Ia juga menceritakan bahwa untuk merayakan hari ulang tahun istrinya (namanya Germaine) diundang puluhan kawan-kawannya, yang termasuk orang-orang penting. (Di antara tamu-tamu yang semuanya bule-bule itu hanya kami berdua, dengan istri, yang orang Asia. Dari situ kami dapat mengukur perhatiannya terhadap kami, political refugee dari Indonesia) Louis JOINET menceritakan kepada yang hadir malam itu bahwa saya membawa sepasang wayang golek sebagai hadiah ulang tahun istrinya, dan bahwa hadirin malam itu tertarik sekali kepada adegan (suatu dialog antara suami istri) yang saya mainkan sebentar malam itu.

Siapa menyangka, orang Blitar diundang ke Istana Elysée

Pada malam pertemuan antara sahabat-sahabat lama itu, saya menceritakan betapa besar emosi saya ketika mendapat undangan dari Palais de l’Elysée (Istana Kepresidenan) untuk menghadiri malam musik dan jamuan makan.
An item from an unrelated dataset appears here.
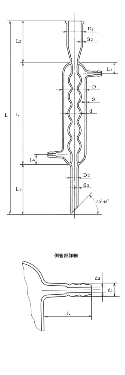 側管は、同一側に付けるか、又は屈曲させることができる。 |
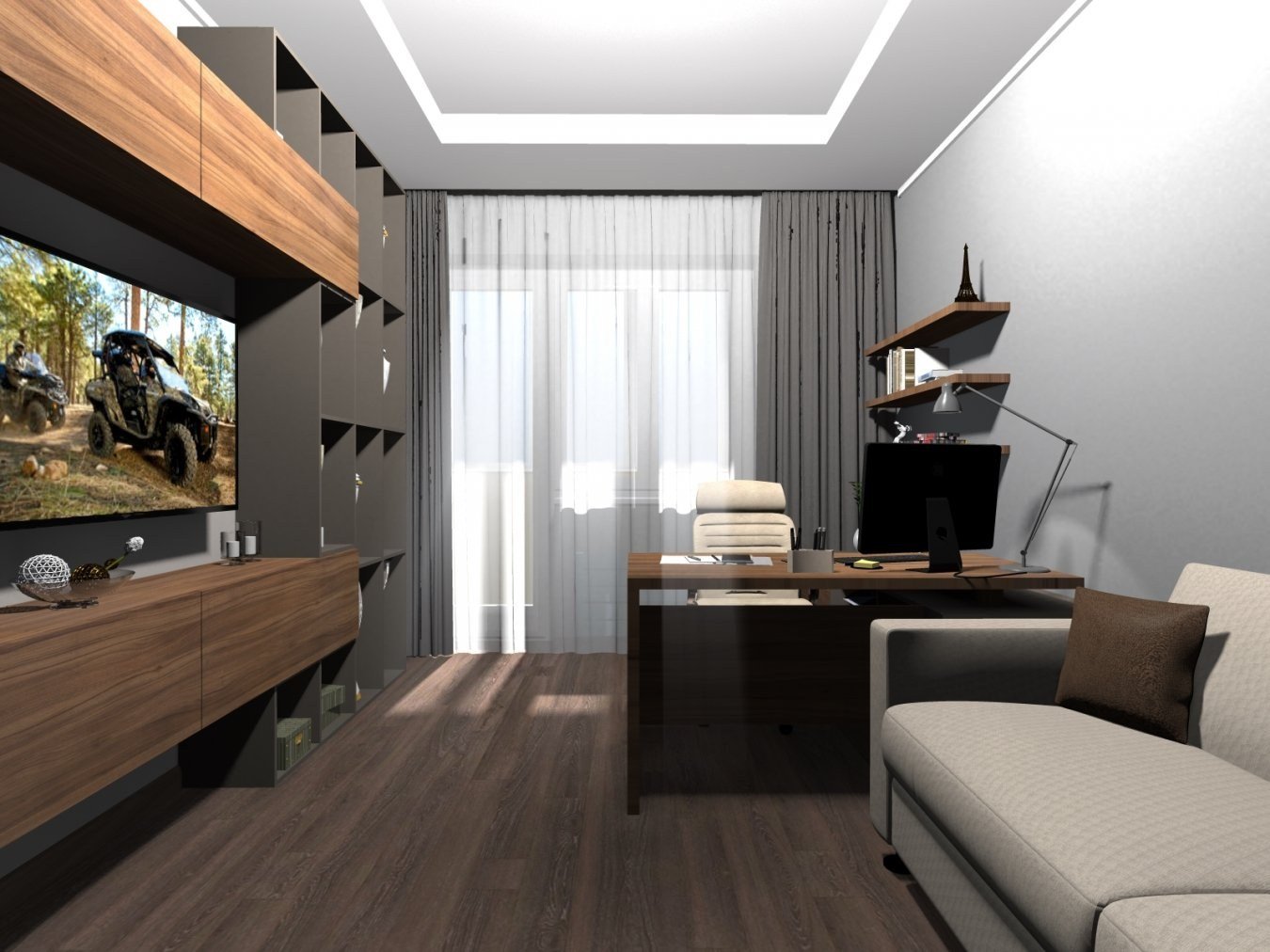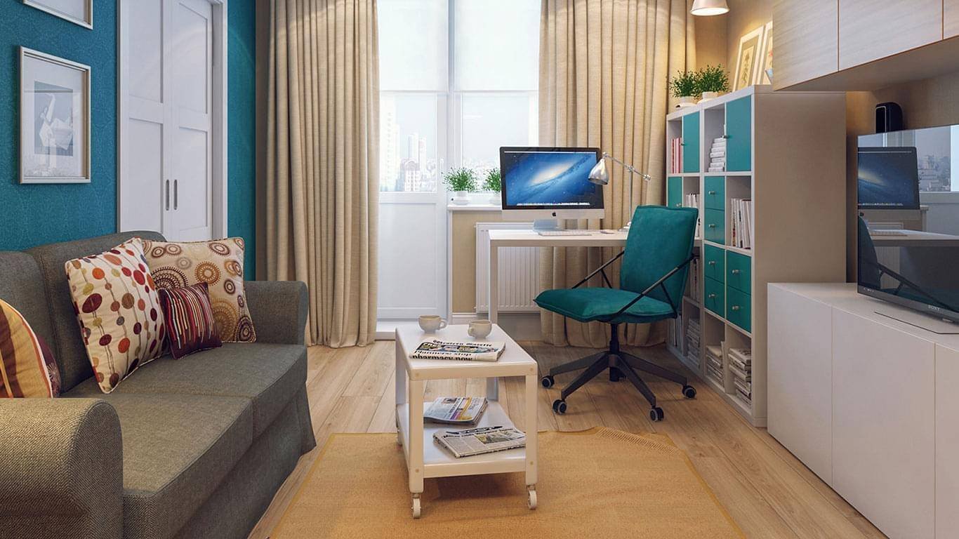 Планировка гостиной с компьютерным столом

Ketika berada di ruangan besar istana dengan karpet dan dekorasi yang serba indah itu, saya mengatakan kepada istri saya : »Siapa bisa menyangka bahwa orang dari Blitar dan dari Solok seperti kita ini bisa hadir dalam malam yang seperti ini di Istana Elysée ? ». (Ketika kami lihat ke segala jurusan, maka nampak bahwa hanya kami berdualah yang berwajah Asia di antara ratusan undangan itu).

Sampai sekarang saya tidak tahu siapa yang mengusulkan nama saya (dan istri) dalam daftar orang-orang yang diundang untuk hadir dalam malam musik dan jamuan makan itu. Tentu saja, adalah orang atau orang-orang yang tahu betul berbagai kegiatan mengenai persoalan Indonesia. Apa Louis JOINET ? Saya tidak mau dan tidak merasa perlu menanyakannya kepadanya, walaupun saya bertemu dengannya di Istana malam itu. Saya peluk dia, sambil menangis, karena merasa terharu, dengan kehormatan yang berupa undangan itu.
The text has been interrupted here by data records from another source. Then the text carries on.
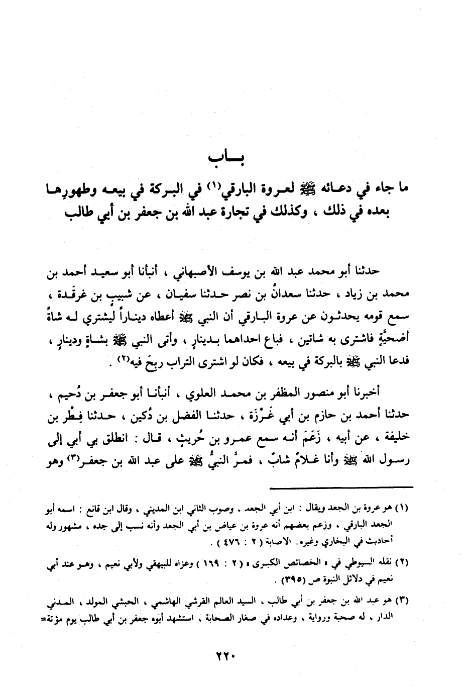 بَابُ مَا جَاءَ فِي دُعَائِهِ صَلَّى اللهُ عَلَيْهِ وَسَلَّمَ لِعُرْوَةَ الْبَارِقِيِّ [ (1) ] فِي البركة في بيعه وطهورها بَعْدَهُ فِي ذَلِكَ، وَكَذَلِكَ فِي تِجَارَةِ عَبْدَ اللهِ بْنَ جَعْفَرِ بْنِ أَبَى طَالِبٍ
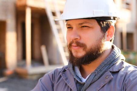 Close up portrait of foreman and builder wearing hardhat on construction site. Concept of professions and working abroad.
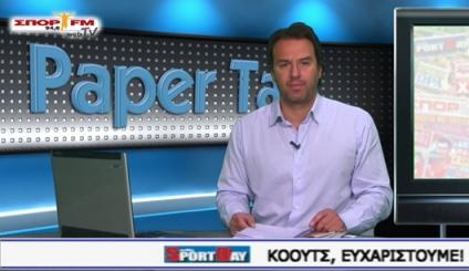 Με την εκπομπή Paper Talk, σας μεταφέρει όλα τα πρωτοσέλιδα του αθλητικού Τύπου της Πέμπτης (19/4), με τον Σωτήρη Κωσταβάρα να αναλύει τα κυριότερα θέματά τους.
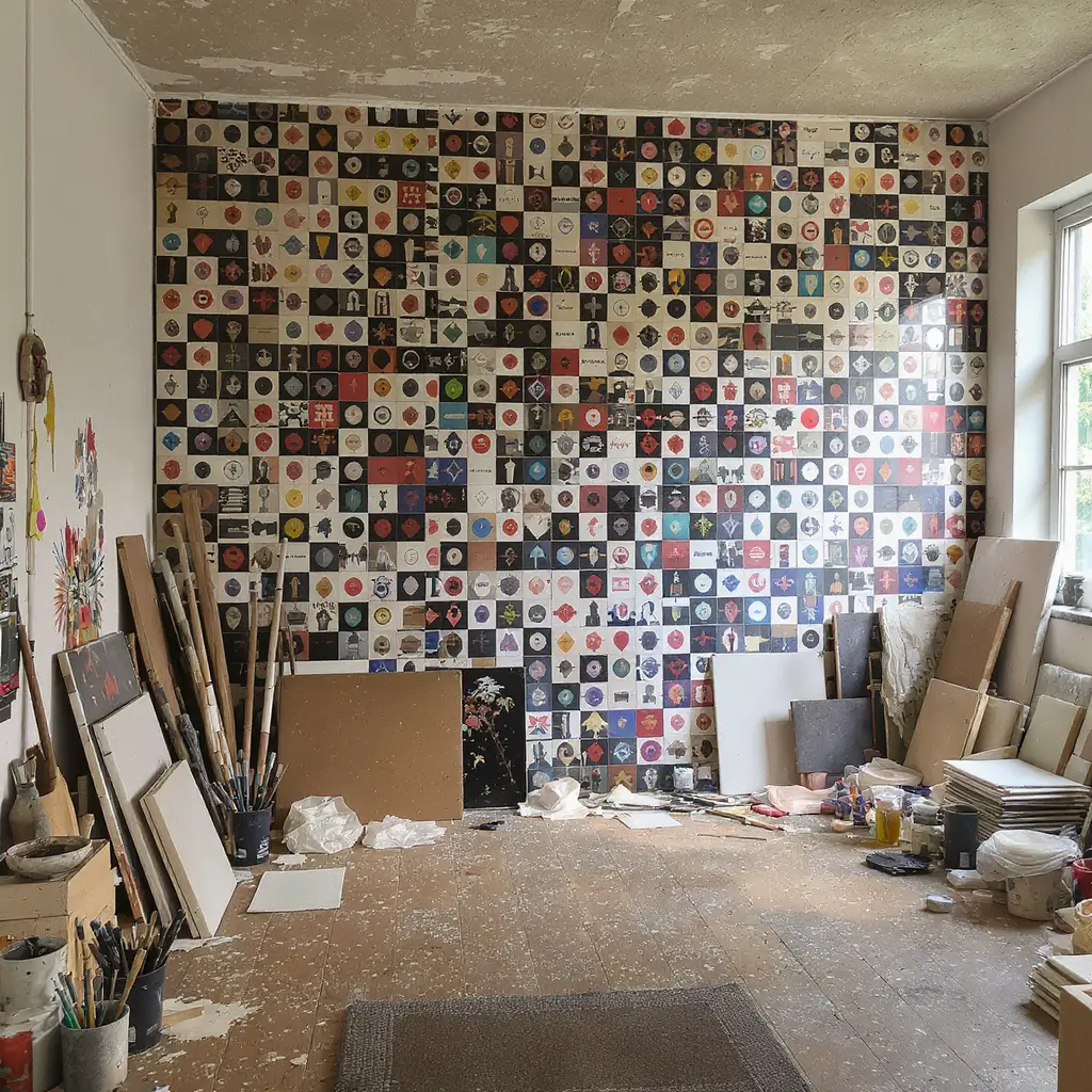 Ready for a weekend project that’ll blow minds? Create an entire wall mural using album covers as tiles. I covered my entire home studio wall—took 180 albums and two days, but holy smokes, the impact.

Itu semua saya ceritakan serba singkat dan pokok-pokok untuk menyampaikan bahwa perayaan ultah saya kali ini diwarnai atau diisi dengan berbagai hal yang berkaitan dengan kenangan kepada masa-masa persahabatan dalam perjuangan untuk menentang rejim militer Suharto, untuk membela perjuangan rakyat Timor Timur, untuk memperjuangkan HAM, untuk membela orang-orang yang dimusuhi oleh Orde Baru, baik di luar negeri maupun di Indonesia.

Pertemuan malam itu, walaupun hanya dihadiri oleh belasan orang, menunjukkan bahwa perjuangan melawan diktator yang kejam, biadab, dan korup yang namanya Suharto mendapat dukungan simpati atau solidaritas dari berbagai kalangan di Prancis ( dan juga di negara-negara lainnya di dunia).
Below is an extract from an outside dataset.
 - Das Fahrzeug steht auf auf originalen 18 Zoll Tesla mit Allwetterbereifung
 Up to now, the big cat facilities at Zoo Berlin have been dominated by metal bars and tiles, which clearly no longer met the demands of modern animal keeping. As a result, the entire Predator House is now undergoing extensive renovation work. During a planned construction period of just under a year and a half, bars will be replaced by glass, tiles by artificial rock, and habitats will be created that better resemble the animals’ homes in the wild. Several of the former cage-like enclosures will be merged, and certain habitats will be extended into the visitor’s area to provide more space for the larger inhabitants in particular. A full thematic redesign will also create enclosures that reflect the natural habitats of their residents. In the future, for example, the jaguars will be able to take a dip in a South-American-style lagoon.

Malam perayaan ultah saya itu berarti bukan malam ultah biasa, dan tidak hanya untuk merayakan sesuatu tentang saya saja. Melainkan, melalui malam ini dirayakan juga keindahan dan kebesaran jiwa persahabatan dalam perjuangan yang sudah dipupuk dan ditunjukkan selama puluhan tahun. Malam itu juga mengandung arti penghargaan atau penghormatan kepada semua orang, – dimana saja, walaupun tidak ikut hadir dalam pertemuan itu – yang berjuang menentang Orde Barunya Suharto. Karena itu, patutlah agaknya bahwa semua mereka yang berjuang untuk keadilan dan perikemanusiaan juga menghargai dan ikut bangga terhadap sikap seperti yang telah ditunjukkan oleh Louis JOINET dan Danielle DESGUEES (serta sahabat-sahabat lainnya) selama jangka waktu yang begitu panjang..

Dengan perasaan yang lega dan ingatan indah semacam itulah saya lalui usia yang ke-82 tahun ini.